I am trying to analyse whether three groups (samples sizes 27, 26 and 23) differ in their responses to 20 questionnaire items, each measured using a 5-point likert scale. The items are all investigating different things, so it is not appropriate/of interest to condense them into likert scales for broader constructs.

I am well aware of the controversy surrounding the use of ANOVA for likert data. However, I have been advised that this could be justified, and I know of papers that suggest ANOVA is relatively robust in most situations. However, my data is also non-normal and contains multiple extreme outliers. As these outliers represent real likert responses, I believe that they have value and should not be excluded.
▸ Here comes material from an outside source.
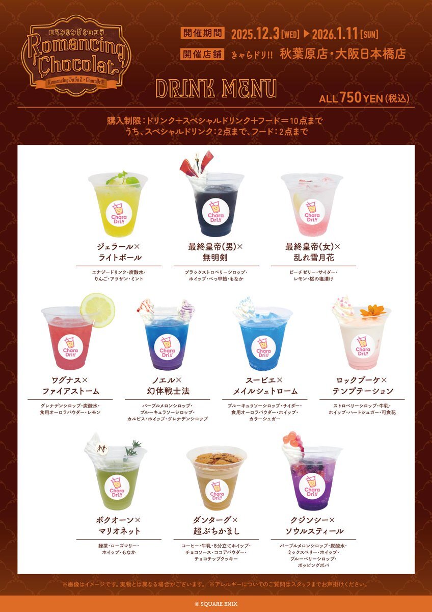 / ロマンシング サガ2 リベンジオブザセブン×#きゃらドリ!! \ 🍫Romancing Chocolat🍊 💡コラボメニューはこちら💡 作品をイメージした コラボドリンク&フード(ノベルティ付)のご提供! 詳細はこちら✨ charadri.com/event/rs2r2512/ #ロマサガ2R #リベサガ

Overall, I feel like there are a lot of arguments against using one-way ANOVAs to analyse the data at this point.

I have therefore also endeavoured to analyse the data using the Kruskal-Wallis test, which at first seemed to be more appropriate. However, the data violated the assumption that distributions across groups should be similar and consequently analysis can only tell me about the distributions of likert responses, rather than median responses which would make more interpretable sense (I think?). Following a guide to conducting and reporting the analysis, I arrived at findings like this:

*'Likert ratings increased from Group 1 (mean rank = 33.78), to Group 2 (mean rank = 38.41), to Group 3 (mean rank = 42.77), but the differences were not statistically significant, χ2(2) = 2.218, p = .330.'*

Talking about 'mean rank' seems to be irrelevant to my discussion of whether, and in what ways, groups differed in their likert responses.

My supervisor is suggesting that I stick to one-way ANOVA, but I do not see how the results of this can be justified for this data. At the same time, Kruskel-Wallis does not seem suitable for my questions of interest.

I would greatly appreciate any advise on how I can best analyse my data at this point!